Method for determining a charge value for a system comprising a machine tool (1) and at least one accumulator (12), the at least one accumulator (12) serving to supply the machine tool (1) with electrical energy,

characterized by the following method steps

 - detecting a first charge value of an electrical charge of the at least one accumulator (12) at a first time (ti);

Detecting a current value of an electric current which flows from the at least one accumulator (12) to the machine tool (1) for supplying the electrical consumers (7) in the machine tool (1) between a first and second time (ti, t ₂ );

- Determining a second charge value based on the detected current value between the first and second time (ti, t ₂ ); and

Subtracting the second charge value from the first charge value to determine a third charge value at the second time point (t ₂ ).

Accumulator (12) with a machine tool (1) connectable to carry out the method according to claim 1,

characterized by a charge measuring device (15) for detecting a first charge value of an electric charge in the accumulator (12).

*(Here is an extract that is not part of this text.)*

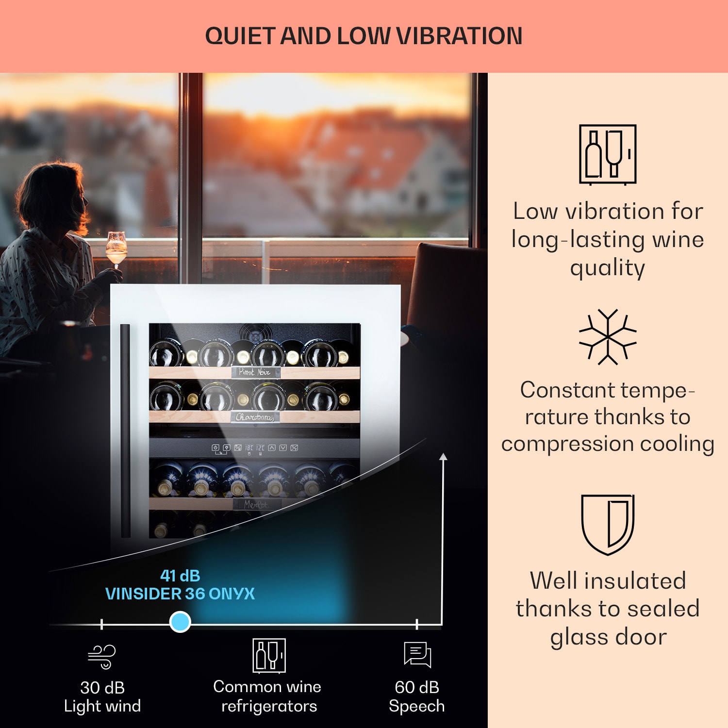 Vinotéka Vinsider 36 Quartz Edition od Klarstein: Optimálne uskladnenie vína vám zaručí ten najlepší pôžitok z pitia! Pomocou ušľachtilej 2-zónovej jednotky na reguláciu teploty vína môžete 36 fliaš toho najlepšieho vína priviesť na ideálnu teplotu požadovanú na pitie, dlhodobo ich skladovať i prezentovať. Sklenené dvere s panoramatickým oknom a popisovateľné policové zásuvky zabezpečujú dobrý prehľad, zatiaľ čo fľaše sú optimálne chránené pred vibráciami a dopadom svetla. Chlaďte červené i biele vína súčasne a optimálne ich skladujte: s luxusnou chladničkou na víno Vinsider 36 Quartz Edition od Klarstein, ktorá funguje aj ako vstavaná vinotéka.

Machine tool (1) with an accumulator (12) connectable for carrying out the method according to claim 1,

characterized by a current measuring device (20) for detecting a current value of an electric current in the machine tool (1), which from the at least one accumulator (12) to the machine tool (1) for the supply of electrical consumers (7) in the machine tool (1 ) and a processor (21) for determining a second charge value based on the detected current value between a first and a second time (ti, t ₂ ).

4. System comprising at least one accumulator (12) and a machine tool (1) for carrying out the method according to claim 1.